As you can see, I need to put all these data into Prism to make good looking figures. Initially, I was copy-pasting by hand. Soon, as the collaboration progress, I found it is unsustainable. Every time we change something or have a new idea, my collaborator sends me a new set of simulated data. It may only take his computer minutes to run, or hours I am not sure (but it is his computer, not his hand.) It takes me a lot of time to redo the copy-and-paste. And I often am not sure if I have copy the wrong data or pasted to the right place or not, or whether I completely skipped anything, because the data looks so similar.
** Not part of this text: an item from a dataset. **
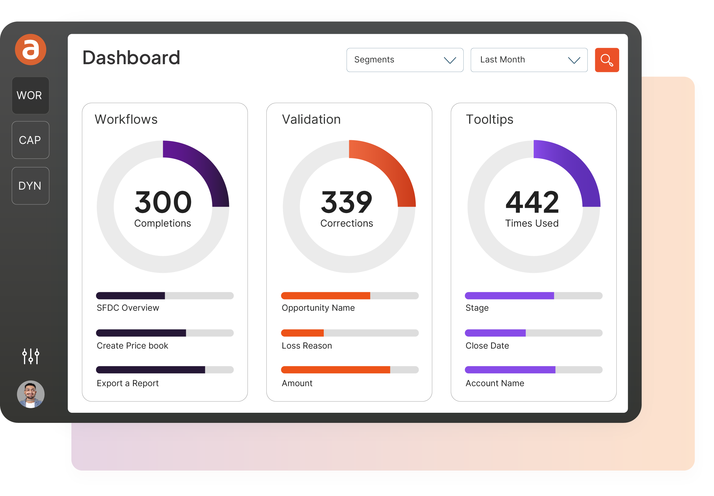 AI excels at identifying inefficiencies in how employees interact with software. By analyzing user journeys across applications, AI-powered adoption platforms can:

After a couple of iterations, I realize this has to be automated.
I found out that since version 5, Graphpad Prism stores its data in XML format in its pzfx files. It is indeed intended for automated data manipulation.
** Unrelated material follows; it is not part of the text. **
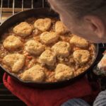 - Add toppingDrop spoonfuls of dough over the filling. Don’t worry about covering it perfectly—gaps are fine. Optional: Roll out your dough and cut out shapes, as I did when I made little heart-shaped biscuits.

Unfortunately, there is no python module for this purpose yet. Here is what I did:
from bs4 import BeautifulSoup # read and write XML
import pandas as pd # get data from CSVs
from lxml import etree # generate XML
The pzfx to start with should already contains the tables and graphs you want. We will replace existing table with new data. I have not tested generating new table.
# read the pzfx file and parse it to bs4 xml data
with open('YL524.pzfx', 'r') as f:
data = f.read()
Bs_data = BeautifulSoup(data, "xml")
You can open the same file with your favorite text editor (Sublime Text 3 for me) and Prism to check the table names and data structure. A simple representation is like this:
You can now check the element with BeautifulSoup. For example:
# Table34 - 5th YColumn - 1st Subcolumn
Bs_data.find('Table', {"ID": "Table34"}).find_all('YColumn')[4].find_all('Subcolumn')[0]
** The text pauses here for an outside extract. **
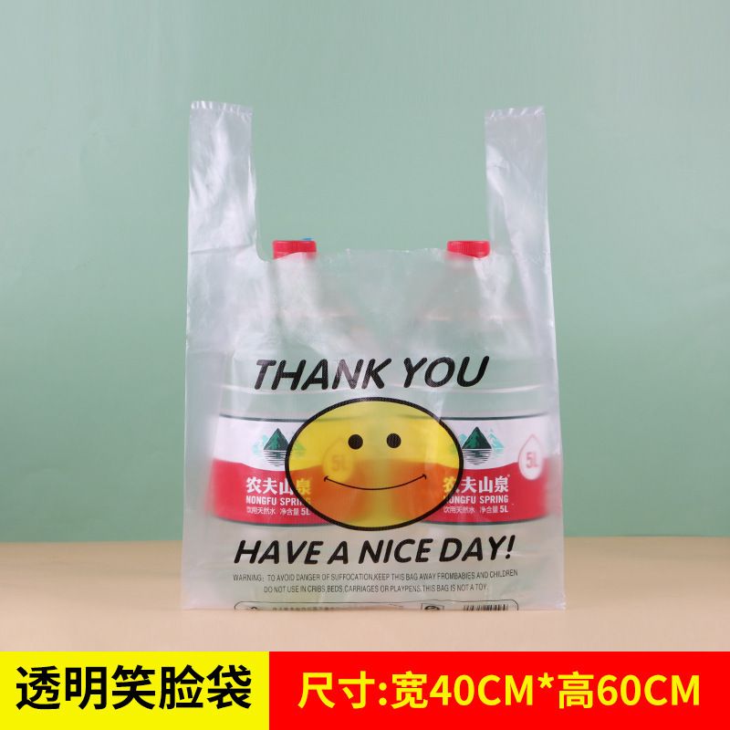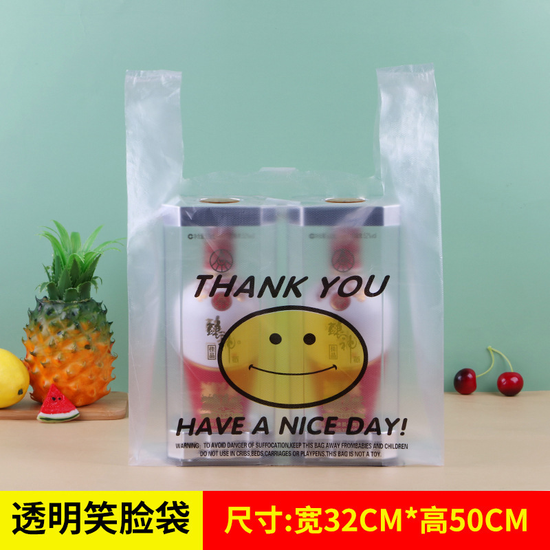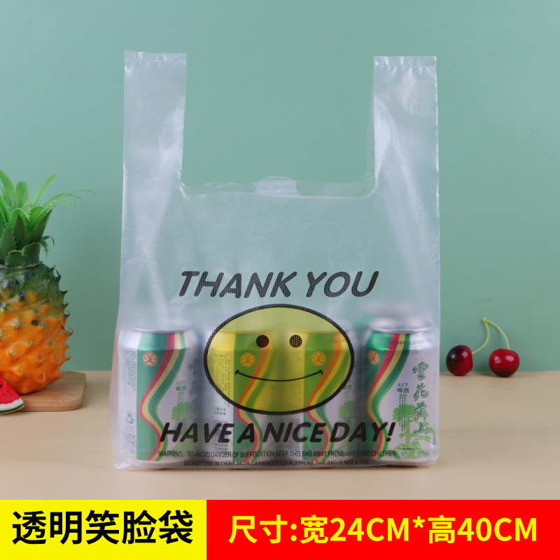 두꺼운 투명 웃는 비닐 봉투 테이크 아웃 식품 가방 상업용 가방 쇼핑 가방 편리한 핸드백 도매

Now we have two ways to replace the old data with new data.
1. You can replace the individual d value with a new one in string format:
Bs_data.find('Table', {"ID": "Table{}".format(value + 3)}).find_all('YColumn')[
i
].find_all('Subcolumn')[0].find_all('d')[0].string.replace_with(str(wtProRates.iloc[i, 0]))
2. You can replace the entire Subcolumn with a new XML etree element:
x = etree.Element('Subcolumn')
for k, row in chi2[i].iteritems():
item = etree.SubElement(x, 'd').text = str(row)
Bs_data.find('Table', {"ID": "Table45"}).find_all('YColumn')[
l+i
].find_all('Subcolumn')[0].replace_with(
BeautifulSoup(etree.tostring(x, pretty_print=True), 'xml').Subcolumn)
Lots of variable names in the code above are used for proper looping and pandas iterations. You need to adapt to your specific needs.
Becareful, check your data often to see the data goes to the place you want. If you replace a Subcolumn with a Nonetype object. You will get one subcolumn deleted and your loops and data table will be off.
After everying confirmed OK, you can output the new file:
with open('YL524_out.pzfx', 'w') as f:
f.write(str(Bs_data))
Use str(Bs_data) rather than Bs_data.prettify(). The latter output will be unreadable by Prism.
Open the output file with Prism, you will see everything updated automatically with new data in there! Hooray!